TASK OBJECTIVE >> Look through the listing below for the line containing "神齐国际赛鸽文化中心(公棚)资格赛羽色变更清单". Copy it and each line after it up to and including the line containing "固定馬尾辮的時候,將皮筋一層一層交叉捆綁,最後一股頭髮,不要將馬尾拉出。", exactly, leaving out pictures.

AVAILABLE DATA >>
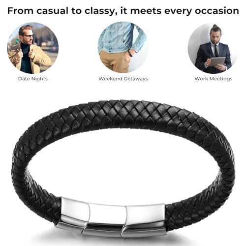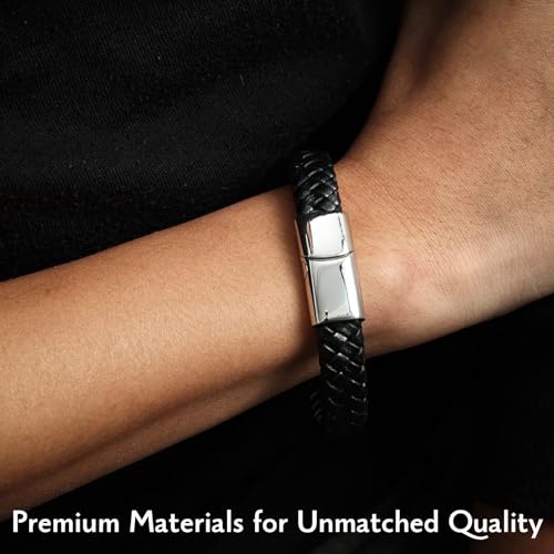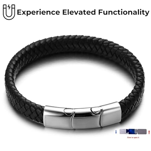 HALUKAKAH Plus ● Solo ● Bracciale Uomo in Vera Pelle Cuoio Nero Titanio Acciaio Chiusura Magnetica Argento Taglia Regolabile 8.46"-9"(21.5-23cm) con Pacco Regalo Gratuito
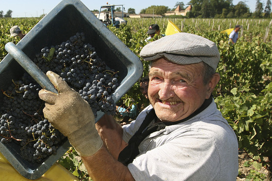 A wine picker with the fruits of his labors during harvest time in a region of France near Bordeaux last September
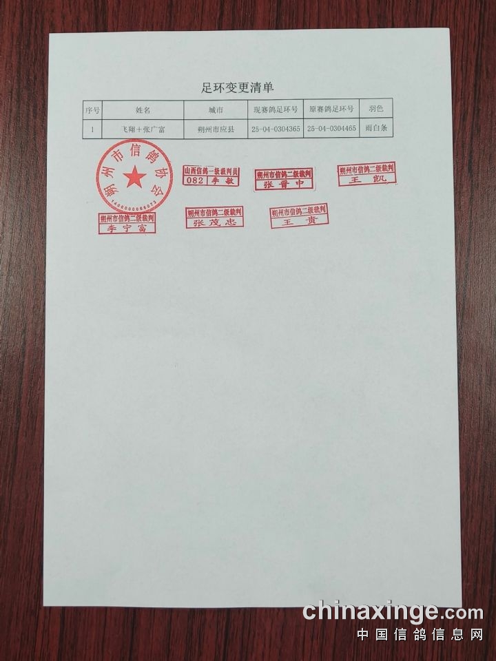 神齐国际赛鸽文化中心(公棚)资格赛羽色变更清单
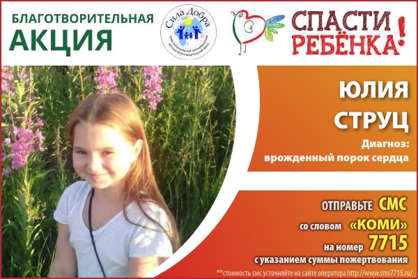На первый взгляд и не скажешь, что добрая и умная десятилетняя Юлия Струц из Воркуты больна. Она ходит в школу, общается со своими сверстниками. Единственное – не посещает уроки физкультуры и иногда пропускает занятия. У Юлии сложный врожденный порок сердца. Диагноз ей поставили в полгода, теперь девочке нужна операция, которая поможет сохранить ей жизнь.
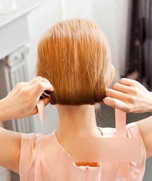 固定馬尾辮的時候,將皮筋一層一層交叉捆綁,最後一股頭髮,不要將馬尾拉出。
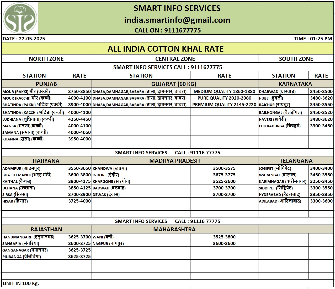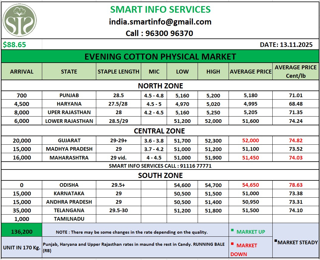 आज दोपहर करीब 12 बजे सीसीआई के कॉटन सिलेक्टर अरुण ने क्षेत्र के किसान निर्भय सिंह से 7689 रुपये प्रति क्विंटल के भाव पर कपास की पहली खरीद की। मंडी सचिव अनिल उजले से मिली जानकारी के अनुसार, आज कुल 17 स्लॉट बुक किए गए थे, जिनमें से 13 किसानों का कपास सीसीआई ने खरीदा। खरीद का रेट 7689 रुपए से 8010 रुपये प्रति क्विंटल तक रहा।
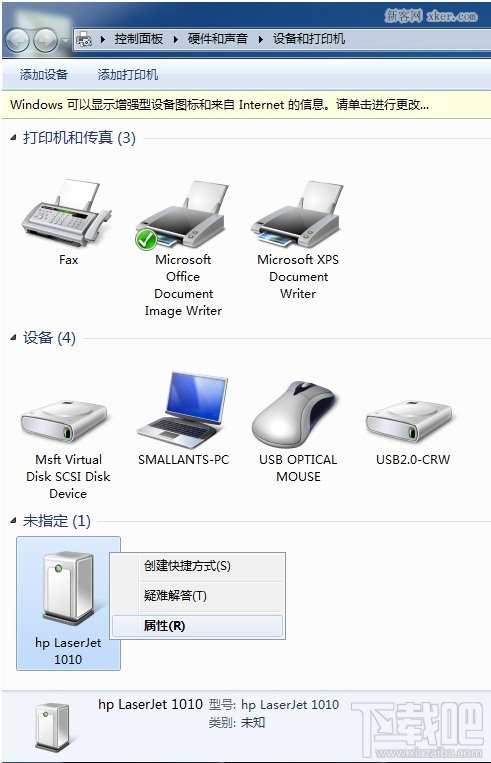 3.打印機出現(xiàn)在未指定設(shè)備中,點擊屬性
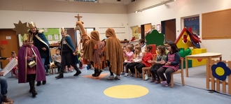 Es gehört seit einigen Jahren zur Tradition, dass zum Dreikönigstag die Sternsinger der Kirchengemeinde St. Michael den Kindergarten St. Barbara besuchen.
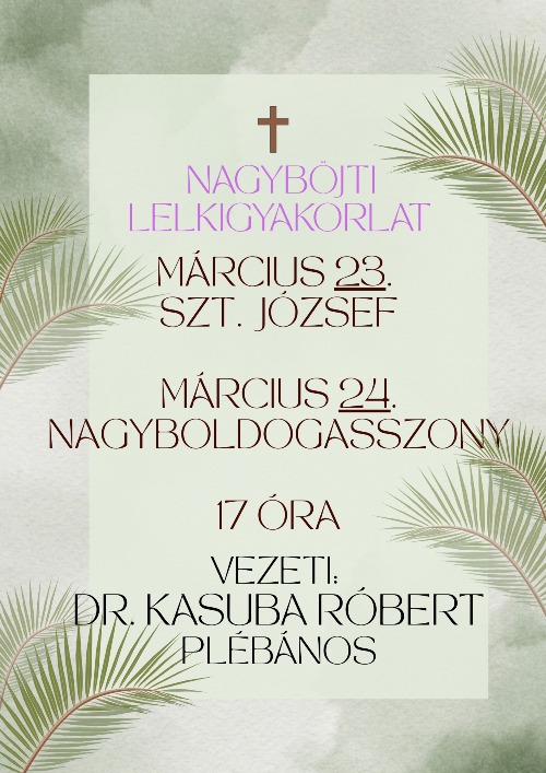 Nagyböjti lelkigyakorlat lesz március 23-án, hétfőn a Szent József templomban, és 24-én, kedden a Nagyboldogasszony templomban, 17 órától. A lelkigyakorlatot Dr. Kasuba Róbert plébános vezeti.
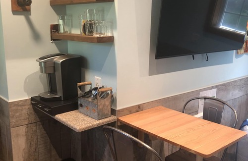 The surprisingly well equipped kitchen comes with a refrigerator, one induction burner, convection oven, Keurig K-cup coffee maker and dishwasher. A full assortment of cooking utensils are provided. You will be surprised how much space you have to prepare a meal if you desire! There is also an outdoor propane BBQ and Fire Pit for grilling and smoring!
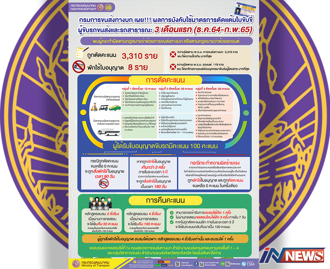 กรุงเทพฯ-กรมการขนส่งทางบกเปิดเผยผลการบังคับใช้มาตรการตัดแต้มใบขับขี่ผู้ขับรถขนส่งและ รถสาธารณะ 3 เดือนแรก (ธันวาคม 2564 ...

SOLUTION TO THE PROBLEM >>
 神齐国际赛鸽文化中心(公棚)资格赛羽色变更清单
На первый взгляд и не скажешь, что добрая и умная десятилетняя Юлия Струц из Воркуты больна. Она ходит в школу, общается со своими сверстниками. Единственное – не посещает уроки физкультуры и иногда пропускает занятия. У Юлии сложный врожденный порок сердца. Диагноз ей поставили в полгода, теперь девочке нужна операция, которая поможет сохранить ей жизнь.
 固定馬尾辮的時候,將皮筋一層一層交叉捆綁,最後一股頭髮,不要將馬尾拉出。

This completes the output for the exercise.